Ils nous en menaçaient depuis des mois, nous l’avions prévue et avons craint de ne pouvoir l’éviter. Elle est là : une nouvelle guerre du Golfe. La première, qui s’est achevée il y a douze ans, était justifiée, dotée d’une indiscutable légalité internationale. Quoi qu’en disent George W. Bush, ses manipulateurs et ses porte-propagande, celle-ci est illégale et injustifiable. C’est purement et simplement une guerre (anglo-israélo-) américaine pour le contrôle du Moyen-Orient
Lundi 17 mars 2003, Washington, 20 heures. George Bush (fils) s’adresse à son pays et au monde, et une fois de plus il parle de l’Irak et de Saddam Hussein, sur lesquels il a fait une vraie « fixation ». C’est l’ultimatum qui précède la guerre et l’annonce : « Saddam Hussein et ses fils doivent quitter l’Irak dans les quarante-huit heures. Leur refus aboutira à un conflit militaire qui commencera au moment que nous choisirons… »
J’ai eu beau chercher, il n’y a aucun précédent : la plus grande puissance du monde (et les deux ou trois gouvernements qui ont accepté de s’aligner sur sa position) somment un dictateur et ses enfants (mâles) de boucler leurs valises et de s’exiler, faute de quoi ils envahiront leur pays, l’occuperont et y installeront le gouvernement de leur choix.

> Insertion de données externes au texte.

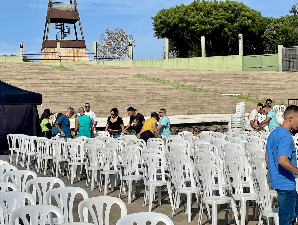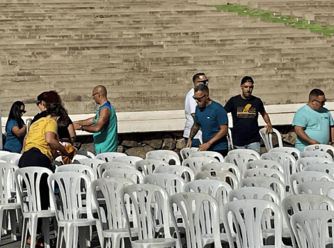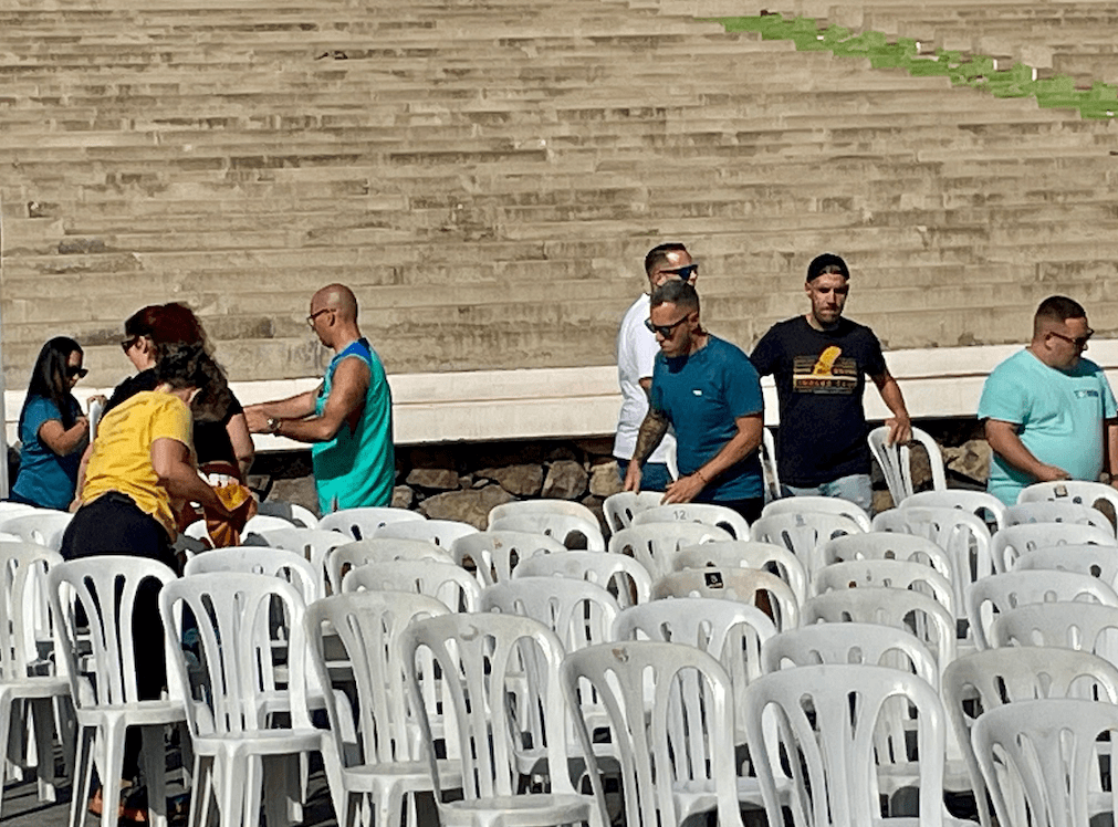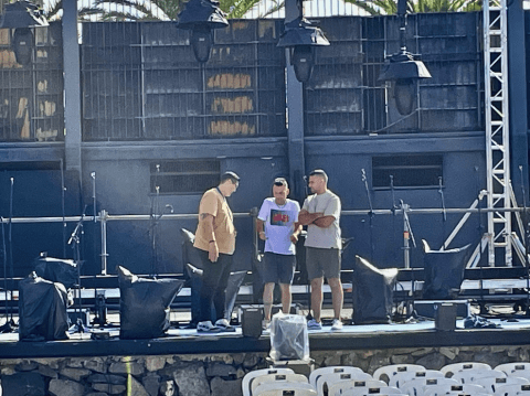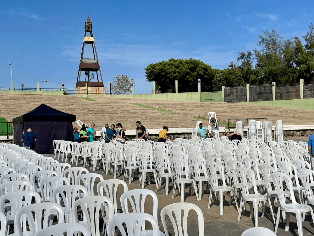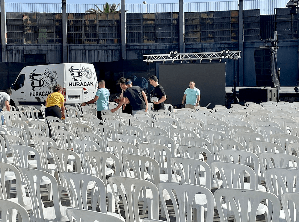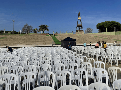 Todo listo en el auditorio José Vélez del parque urbano de San Juan para el evento de presentación, este sábado a partir de las 20.30 horas, de Los Nietos de SaryManchez. La murga teldense remataba en la mañana de este sábado los últimos detalles para el espectáculo de esta noche.

Notez que George Bush (fils), qui n’est pas réputé macho, ne parle pas des trois filles de Saddam Hussein et n’exige pas qu’elles quittent l’Irak. Il ne songe pas non plus à faire juger par un tribunal international ce dictateur dont il pense et dit beaucoup de mal. Il trouve plus simple de donner l’ordre de le tuer.
Où est la cohérence, où est le respect des lois de la guerre ?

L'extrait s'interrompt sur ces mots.